Carriers are never required to pay a commission. Cigna stopped commission on PDP's quite some time back and only recently brought commissions back. Aetna created the SmartSaver plan and took away commissions.

Personally, I hope they don't take away commissions as I get a nice chunk of change each year from PDP commissions. But if they do, it will still be business as usual for me. I'll gripe and bitch and complain the whole time, but I'm still going to take care of my clients.


I am not unfamiliar, Nor am I griping or bitching, Just trying to see what's coming, sooner rather then later
 
Like most of you, I've been thinking about AEP this year and I'm trying to prepare myself for the "most disruptive" AEP in many years. My mind has been in turmoil about what adjustments I need to make. I've been thinking about timing of emails, what to say in emails and technological updates and new platforms. My business has grown over the last 14 years and it becomes increasingly more difficult to service the book every AEP. I have treated MAPD and Medigap/PDP clients the same. I have conditioned my attitude to think of them the same way over the years. Many of my Medigap policy holders convert to MAPD during AEP after 6 years. None of those "converts" have come back to bite me. I have almost zero LIS/SNPS and my semi-retired life is quiet and steady for 9 1/2 months of the year. I lose very little business compared to other agents during AEP, OEP and the rest of the year.

Here's why (I believe):

a) I send a simple email or hard copy letter to each client announcing ANOC and AEP. They receive no other communications from me during the year unless they reach out to me.
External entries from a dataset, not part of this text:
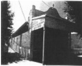
Seery & Associates Certified Practising Accountants.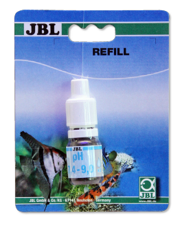
JBL pH Test 7.4-9.0 pH test in aquariums and ponds in the range 7.4-9.0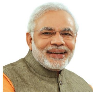
Mr. Narendra Modi, Hon'ble Prime Minister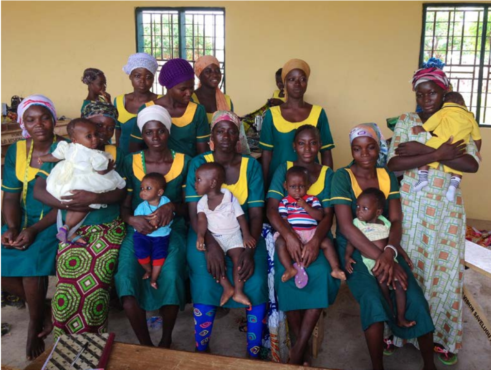
Mothers and their children at the Savelugu Regional Training Center.

Images from GIGDEV's Regional Training Centers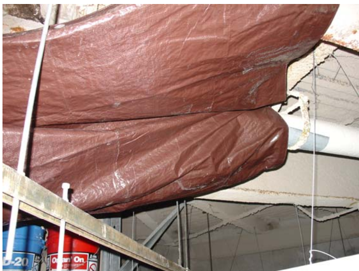
Figure 9. Tarps and buckets above the Middle School library's ceiling.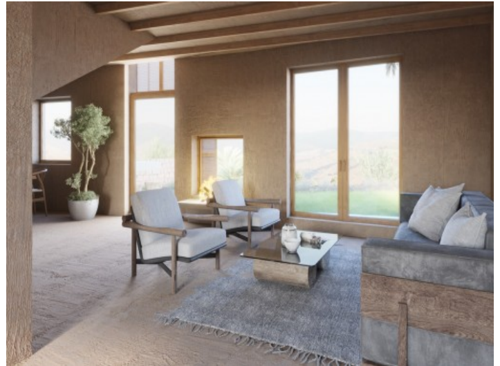
Modern interior design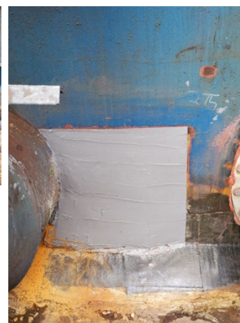
Damage on the tank.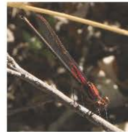
American Rubyspot Hetaerina americana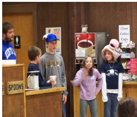
Above: Students posing as pigs as punishment for having piggy waste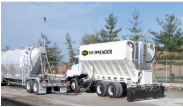
Transfer portland cement at 1 ton per minute, without dust.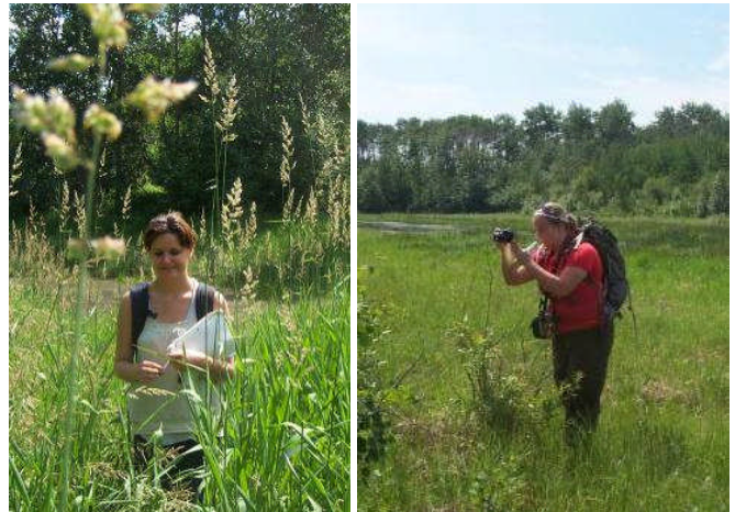
Volunteers in tall grass and taking photos records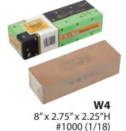
W4 8" x 2.75" x 2.25"H #1000 (1/18)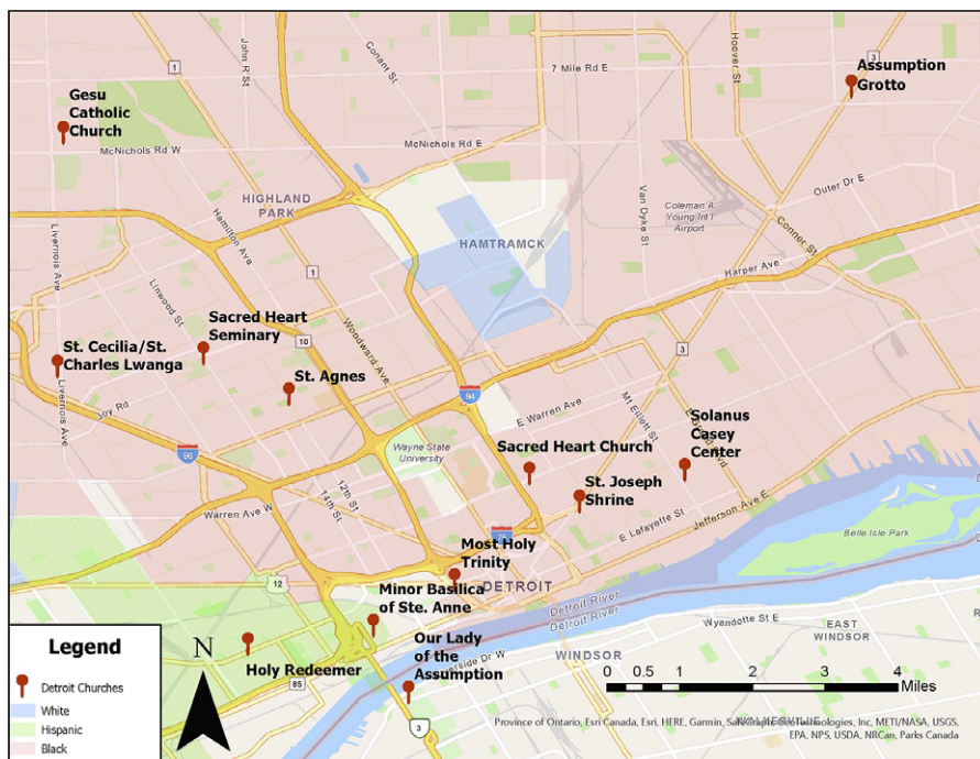
Figure 3. Map showing churches discussed in the text in relation to predominant race reported for 2010 census tracts. Census data downloaded from datadrivendetroit.org .

b) I call everyone once a year. Phone in September and early October. I talk about what I can talk about and I don't talk about the things I can't. Discuss ANOC (September) and talk about the Inflation Reduction Act and how it affects Medicare (they can Google this stuff) but it best it comes from you. The point is that we call them. Always leave a message if they don't pick up. If you have 1,000 or 2,000 clients...start in August. I promise, you'll be amazed that no matter the increase or change in benefit... MOST will stick with you. Those that don't, are not worth keeping.

c) If you explain Inflation Reduction Act (affects on Medicare) plainly and clearly, they will understand that 2025 plan movements in many cases will probably NOT improve their situations (PDP or MAPD). They will stay put or call you back to research for plan comparisons. Many will stay with plans because MOST perfer to not change...but explain IRA early...and some your AEP challenges will be eliminated.

d) Solve as many concerns on the phone as you can, as early as you can. I personally do F2F as much as possible. I'm busy and it's stressful during AEP, but it's worth it. Yes, I have a larger than average Medicare BOB.

e) I will change nothing. Of course, I'll make adjustments here and there. Why? Because AEP has always been hard work! I will not change technology, nor platforms. Looking up drugs is a pain in the ass, but... (Biden whisper)... "the client's dependence on our ability to give direction is the secret sause to our business". If I defer my clients more to Medicare.gov ON THEIR OWN or another "new system" to make my life easy (looking up drugs) it will destroy my usefulness to the client! I will use OEP (as an extention of AEP) to work to my advantage. But over all...I WILL DO BUSINESS AS USUAL and treat this AEP no differently than others. In January we will see whose right.

37 years in the insurance business. 14 years in Medicare business.